To the poster (too tired to go back and see who) that said that you should wait (13 years you waited) to have children. It really doesn't matter how long you wait, not every relationship will last after children regardless how well you know the other parent. Again, I hope you stay as smug as you are and don't look back in years to come and regret your smug comment.

Bubblesinthesummer Wed 22-Jul-15 19:36:38

Doesn't sound very great. I think people should stay together once they have had children.

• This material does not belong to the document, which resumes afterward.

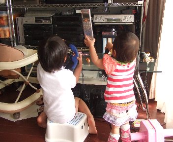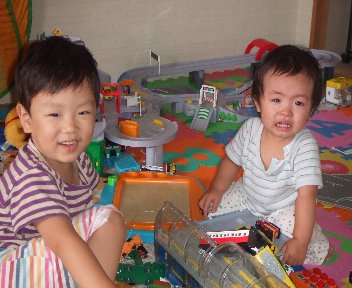 1日1時間、はやりんはテレビゲームをやっていいことになっている。やっているのはF1カーレスゲーム。ハンドルが2つあるので横から邪魔が。。。りーちゃんもハンドルをぐるぐる。。。時にはやりんのハンドルもいっしょにつかんでぐるぐる。。。。はやりん、運転は好きみたいで鈴鹿を完走。私もたまに挑戦するけど私は完走はまだ1度もないよ。たまには実家にも帰ります。。『日帰り』実家で経営しているお店をちらり。。。。お店での二人。。今日は袋いっぱいにりーちゃんの服をもらった私が実家にあんまり帰らないものだからりーちゃんも母になれなくて母の顔を見るとすぐ泣いていたから母もよく新聞で顔を隠しながら部屋の中を移動していたその光景が私にはおかしかったんだけど母はなかれるからつらかったみたい。でもようやく母を見ても泣かなくなったものだから母もかわいいかわいいの連発で最近はしょっちゅう、洋服を買ってくれるし、今回はおんぶをしてあげていた。りーちゃん、まだ歩かないけど実家の階段は一人であがることができる。 りーちゃんの最近の流行。。。。洋服を肩にかけたり首に巻くこと。。。。おもしろい 容器から容器に水をうつすこと毎回びちゃびちゃ。最後は流した水の上におすわり。。。でもやめないわーー。そしてはやりん。最近やや反抗期。反抗期なのかなとこっちが思うぐらいだからはやりんの今までの人生の中ではかなりビックな反抗期かも。しょっちゅう喉がかわくはやりんのためにパパがドリンクホルダーをつけてくれた。こんな絵が書けるようになった。ついこの間までぐるぐるのまるしか書いてなかったのになーーー。車のドアが縦長の四角で車の後ろのいろんな四角はサンドイッチなんだって。最近、写真を撮るときにさりげなくポーズとります朝食の時いい笑顔だねーーー。かわいい毎日プール道具持参。昨日やっと幼稚園でプールに入れた。幼稚園でのプールに疲れたのか、昨日帰ってきてまもなくトイレで眠っていたいまさらカーズじゃなくてもと母は言いたいが本人がこれーというからしょうがない。。。なんといってもやっぱり友達と遊ぶのが一番たのすぃーお友達にもらった水塗り絵。。。毎日必ず1回、すごく集中してやってます。おもちゃよりも塗り絵に最近食いつき中。やっぱりママは'BOO'の服が好きだなーーー転んだらこのズボン痛そうだけど、私はこういうちょっとしたコリがあるデザインがすきだわーーー。template-まりもん

Ridiculous comment! So you want people to stay together despite in some cases DV or affairs for example? What a sanctimonious and narrow minded view

Bubblesinthesummer Wed 22-Jul-15 19:39:51

*People seem to enter into and subsequently leave relationships so quickly these days.
I was with my dh for 6 years before we married and a further 7 before we had children. Slow down. Get to know each other. See having children as the commitment it is. Maybe if more people did that, less would be in McDonald's car parks getting handed over each week.*

My DH was with his ex for 20 years before she had an affair. What do you suggest he did, just get on with it and carry on?

Amount of time together is no measure of whether a marriage or relationship will last.

mrsdavidbowie Wed 22-Jul-15 19:42:11

Oh Vivienne you have no idea.
So a woman has to put up with abuse because its better to stay together?